__Problem statement__
What is needed is a word-for-word copy of all the entries, minus the pictures.
····················
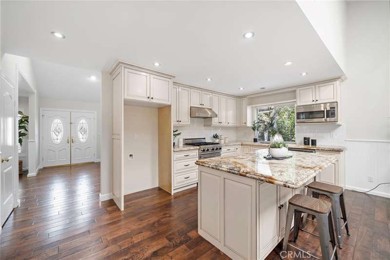 Nestled in the highly sought-after neighborhood of Parkside Estates in the heart of Fountain Valley, just steps from Mile Square Park and Golf, this stunning single-story gem offers an exceptional blend of elegance, comfort, and modern upgrades. Boasting over 1,550 square feet of living space with soaring vaulted ceilings that create an even more expansive and airy feel, complemented by dual-pane windows and skylights that flood the home with natural light. This meticulously maintained residence features central A/C, new interior and exterior paint, engineered hardwood floors throughout, newer Viking appliances, low maintenance backyard with putting green and large gated RV driveway. The impressive curb appeal welcomes you with a lush front lawn and a charming covered entryway leading into a grand living room. Enjoy hosting family and friends in your separate formal dining room. While the chef's kitchen is an absolute showstopper--featuring granite countertops, subway tile backsplash, recessed lighting, a Viking 5-burner gas cooktop, vent hood, Viking dishwasher, and custom self-closing drawers, all centered around a long kitchen island. The kitchen seamlessly flows into an inviting family room with rich wood flooring, a dramatic cathedral ceiling with cozy fireplace, and sliding glass doors that open to a backyard oasis--complete with a covered patio, built-in BBQ with gas firepit, block wall fencing for privacy, putting green, and fruit trees, making it ideal for entertaining, family gatherings, or serene relaxation. The luxurious primary suite is a private retreat, boasting a cathedral ceiling, mirrored wardrobe and direct access to the backyard. Two additional spacious bedrooms, an upgraded guest bathroom with pedestal vanity and tub/shower combo. The direct-access garage is newly painted and provides ample storage. All of this, plus award-winning schools, a short drive to the beach, shopping, dining, and easy freeway access--this is Southern California living at its finest!
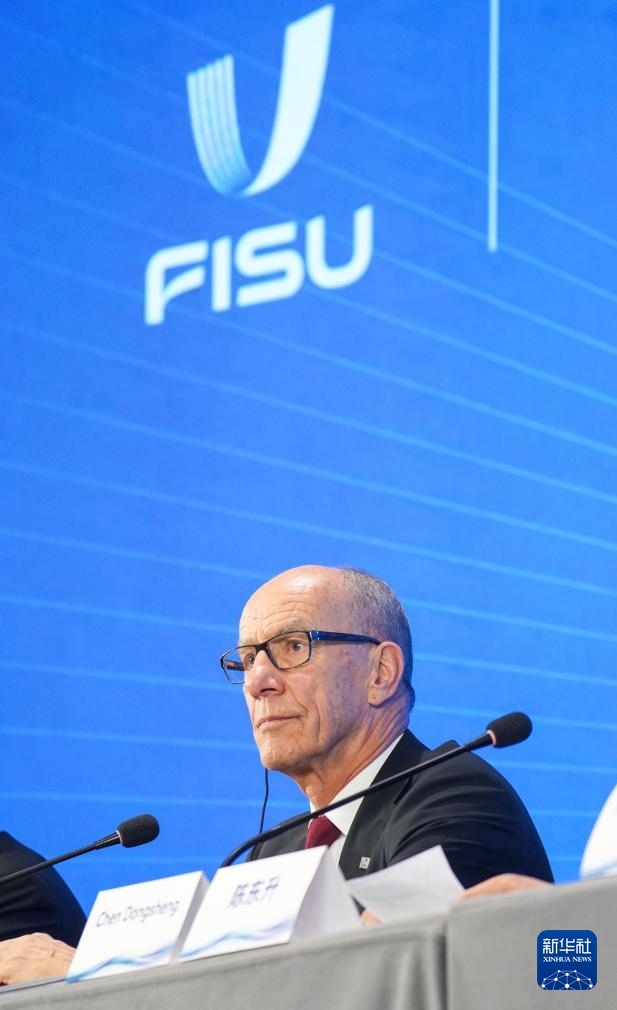11月26日,國際大學(xué)生體育聯(lián)合會主席雷諾·艾德在新聞發(fā)布會上。新華社記者 許暢 攝
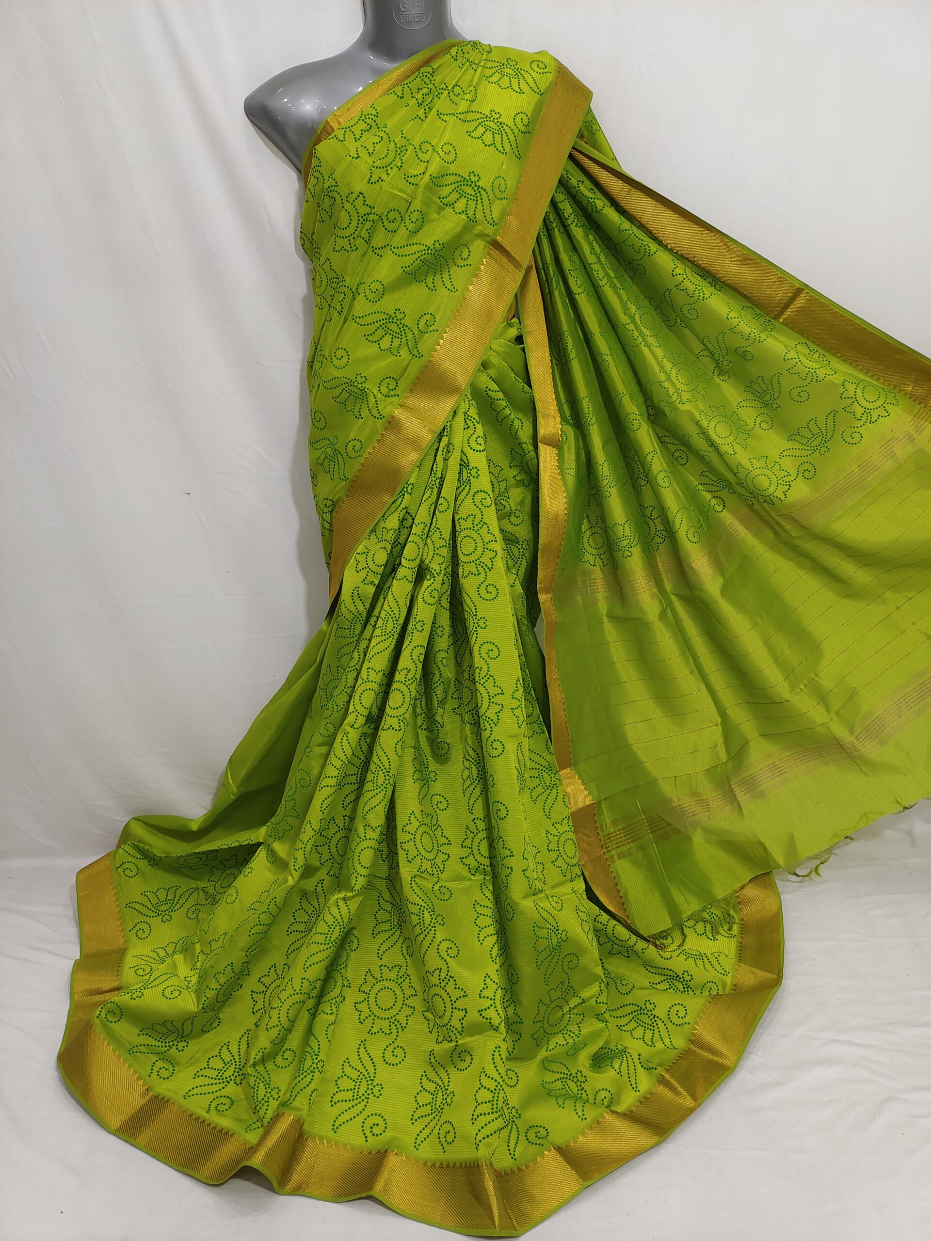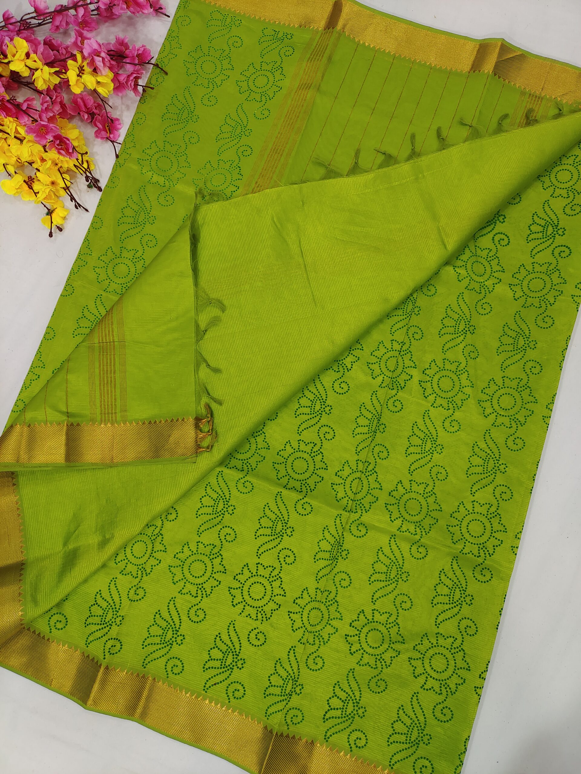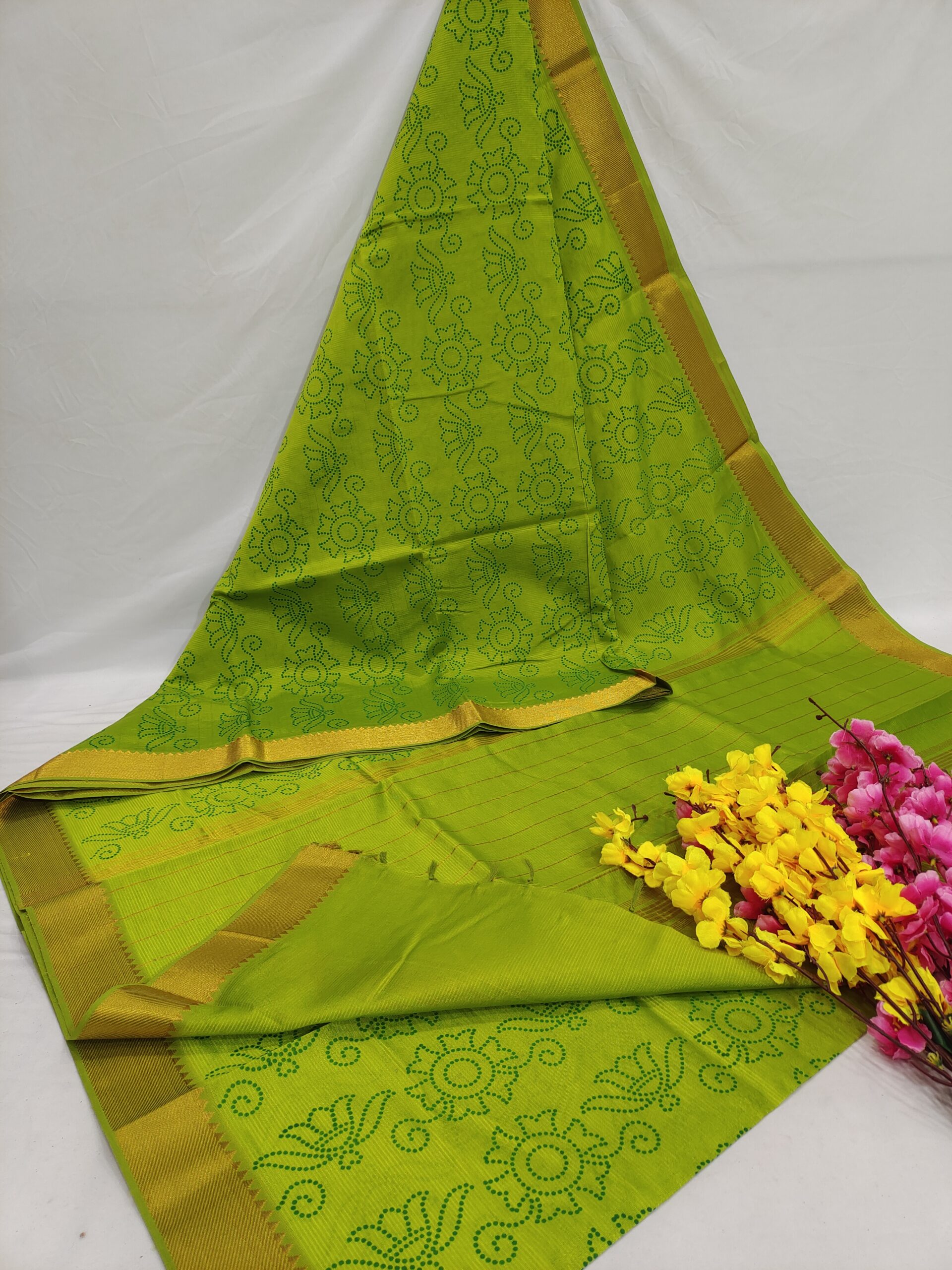Blouse:Contrast Colour or Plain Blouse with Kanchi Border
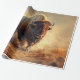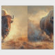 A bold Western-themed painting of a wild bison kicking up dust as it runs, capturing the raw power and untamed spirit of the American frontier.
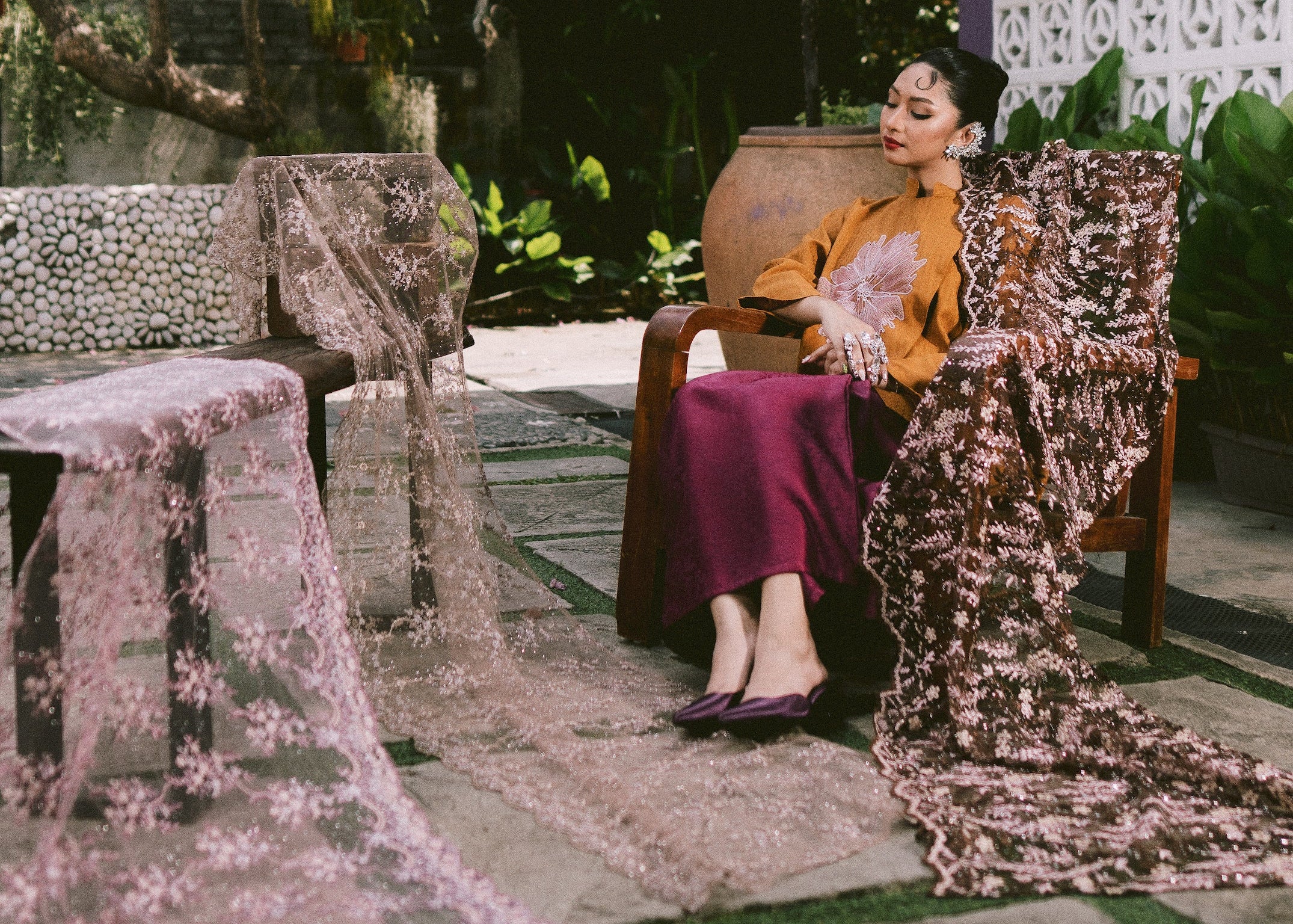 The RIMBA collection is for the Gadis-Gadis Qusantara who, like the forest, embody a beauty that is quiet yet profound, and a mystery that lingers beyond words. With every step, she moves with effortless grace, carrying a strength that is soft, timeless, and unspoken.
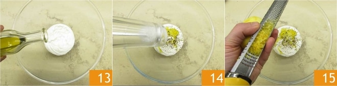 Geben Sie nun den Ricotta in eine Schüssel, salzen 14, pfeffern und fügen Sie die geriebene Zitronenschale hinzu 15, dann rühren Sie, um alles zu vermischen.
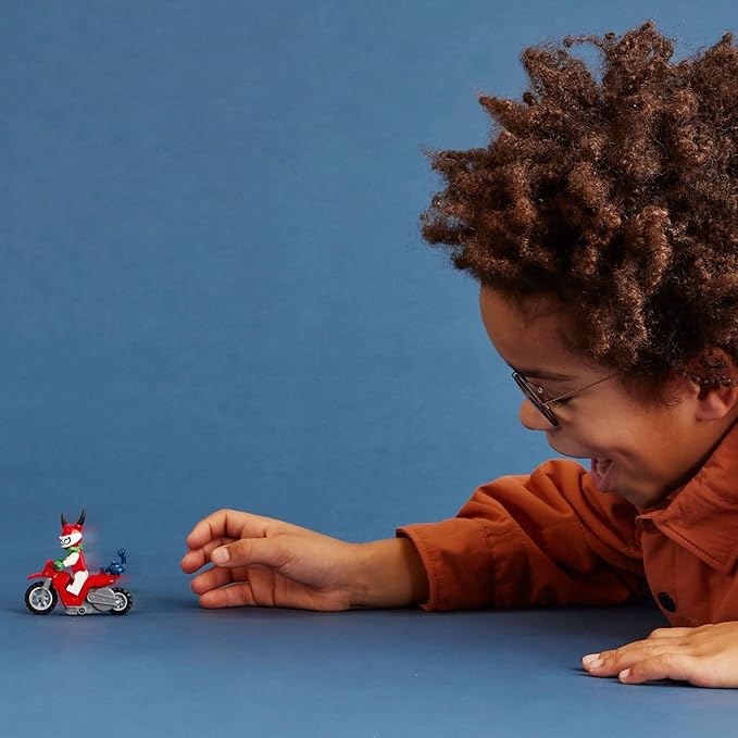 - LEGO City Stuntz toy for kids age 5+ years old features a flywheel-powered toy motorcycle and a LEGO racer minifigure
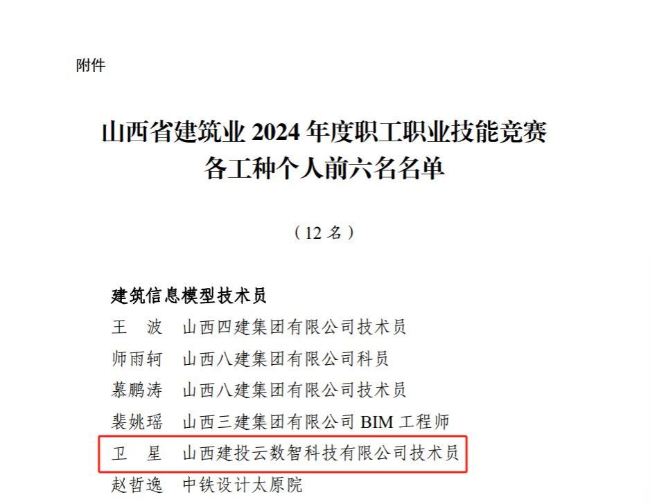 由山西省總工會(huì)、山西省人社廳、山西省住建廳聯(lián)合舉辦的山西省建筑信息模型(BIM)技術(shù)員技能競(jìng)賽于8月在太原舉行。山西建投云數(shù)智公司選手衛(wèi)星在競(jìng)賽中脫穎而出,榮獲第五名。
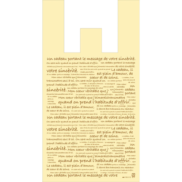 【規格内容】仕上幅300(マチ140)×長さ540mm【厚み】0.02mm【形状】レジ袋【材質】HDPE【補足2】使い捨て【色】透明茶【柄】柄付【キーワード】買い物袋、買物袋、レジ袋、手提げポリ袋、英字柄、洋菓子店向け、パン屋さん向け、ベーカリー、雑貨店向け【商品特徴】フランス語がデザインされたレジ袋。エンボス加工された素材です。 ※無くなり次第廃盤となります。
····················
__Result__
 Nestled in the highly sought-after neighborhood of Parkside Estates in the heart of Fountain Valley, just steps from Mile Square Park and Golf, this stunning single-story gem offers an exceptional blend of elegance, comfort, and modern upgrades. Boasting over 1,550 square feet of living space with soaring vaulted ceilings that create an even more expansive and airy feel, complemented by dual-pane windows and skylights that flood the home with natural light. This meticulously maintained residence features central A/C, new interior and exterior paint, engineered hardwood floors throughout, newer Viking appliances, low maintenance backyard with putting green and large gated RV driveway. The impressive curb appeal welcomes you with a lush front lawn and a charming covered entryway leading into a grand living room. Enjoy hosting family and friends in your separate formal dining room. While the chef's kitchen is an absolute showstopper--featuring granite countertops, subway tile backsplash, recessed lighting, a Viking 5-burner gas cooktop, vent hood, Viking dishwasher, and custom self-closing drawers, all centered around a long kitchen island. The kitchen seamlessly flows into an inviting family room with rich wood flooring, a dramatic cathedral ceiling with cozy fireplace, and sliding glass doors that open to a backyard oasis--complete with a covered patio, built-in BBQ with gas firepit, block wall fencing for privacy, putting green, and fruit trees, making it ideal for entertaining, family gatherings, or serene relaxation. The luxurious primary suite is a private retreat, boasting a cathedral ceiling, mirrored wardrobe and direct access to the backyard. Two additional spacious bedrooms, an upgraded guest bathroom with pedestal vanity and tub/shower combo. The direct-access garage is newly painted and provides ample storage. All of this, plus award-winning schools, a short drive to the beach, shopping, dining, and easy freeway access--this is Southern California living at its finest!
11月26日,國際大學(xué)生體育聯(lián)合會主席雷諾·艾德在新聞發(fā)布會上。新華社記者 許暢 攝
Blouse:Contrast Colour or Plain Blouse with Kanchi Border
 A bold Western-themed painting of a wild bison kicking up dust as it runs, capturing the raw power and untamed spirit of the American frontier.
 The RIMBA collection is for the Gadis-Gadis Qusantara who, like the forest, embody a beauty that is quiet yet profound, and a mystery that lingers beyond words. With every step, she moves with effortless grace, carrying a strength that is soft, timeless, and unspoken.
 Geben Sie nun den Ricotta in eine Schüssel, salzen 14, pfeffern und fügen Sie die geriebene Zitronenschale hinzu 15, dann rühren Sie, um alles zu vermischen.
 - LEGO City Stuntz toy for kids age 5+ years old features a flywheel-powered toy motorcycle and a LEGO racer minifigure
 由山西省總工會(huì)、山西省人社廳、山西省住建廳聯(lián)合舉辦的山西省建筑信息模型(BIM)技術(shù)員技能競(jìng)賽于8月在太原舉行。山西建投云數(shù)智公司選手衛(wèi)星在競(jìng)賽中脫穎而出,榮獲第五名。
 【規格内容】仕上幅300(マチ140)×長さ540mm【厚み】0.02mm【形状】レジ袋【材質】HDPE【補足2】使い捨て【色】透明茶【柄】柄付【キーワード】買い物袋、買物袋、レジ袋、手提げポリ袋、英字柄、洋菓子店向け、パン屋さん向け、ベーカリー、雑貨店向け【商品特徴】フランス語がデザインされたレジ袋。エンボス加工された素材です。 ※無くなり次第廃盤となります。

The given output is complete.